Monday, April 23, 2007

Syria’s one-party poll

From The Financial Times, April 19 2007, by Ferry Biedermann in Beirut ...

...when even Syria’s government-controlled Tishreen newspaper sees fit to point out a distinct lack of “enthusiasm” for the coming elections, interest must be at rock-bottom....Not mentioned in Tishreen were calls for a boycott by the exiled opposition National Salvation Front, which includes the banned Muslim Brotherhood and former vice-president Abdel Halim Khaddam.

...voters will choose from almost 10,000 government-vetted candidates for 250 parliamentary seats, of which 170 are reserved for the ruling Ba’ath party and its allies. The other 80 go to independents, including many rich businessmen and industrialists who in practice do not dare diverge from the government line.

The authorities have cracked down hard on political opponents and human rights activists over the past year. Prominent writers such as Michel Kilo and human rights lawyers such as Anwar Bunni are still in jail, ostensibly for criticising the government’s policies in Lebanon. Dissidents such as Kamal Labwani are still locked up after having had contacts with opposition groups abroad.
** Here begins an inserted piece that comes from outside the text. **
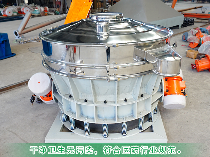 淀粉又叫做團(tuán)粉不溶于水,在和水加熱至60℃左右時(shí)則糊化成膠體,不容易被普通振動(dòng)篩篩分,下面小編就為大家介紹一款專(zhuān)業(yè)的淀粉篩分設(shè)備-不銹鋼直排振動(dòng)篩:

Some have chosen exile and others have stopped speaking out.

It all seems part of a consolidation of power in the hands of President Bashar al-Assad, who inherited the mantle from his father Hafez al-Assad in 2000. Mr Assad is set to have himself reconfirmed as president later this year in a referendum in which he will be the only candidate.
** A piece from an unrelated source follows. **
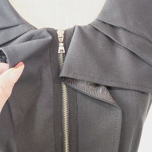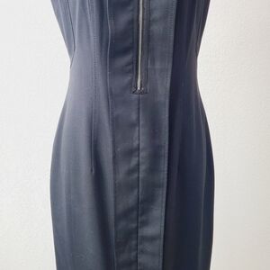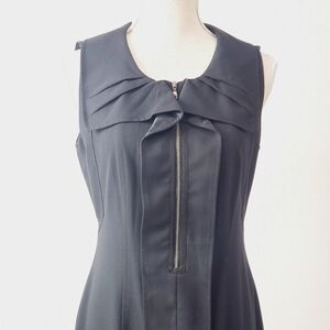 TAHARI Solid Black Sleeveless Ruffle Round Neck Front Zip Sheath Dress Size: 6

The young ruler is regarded as having recovered from a wobbly period after the invasion of Iraq in 2003 and the not altogether voluntary withdrawal of Syrian forces from Lebanon in 2005. His relations with important Arab countries and the west nose-dived during this time over his alleged support for militants in Lebanon, Iraq and the Palestinian territories.

But in recent months he appears to have mended fences – meeting the Saudi king twice at the recent Arab summit in Riyadh and welcoming an increasing flow of western politicians to Damascus, including the speaker of the US House of Representatives, Nancy Pelosi.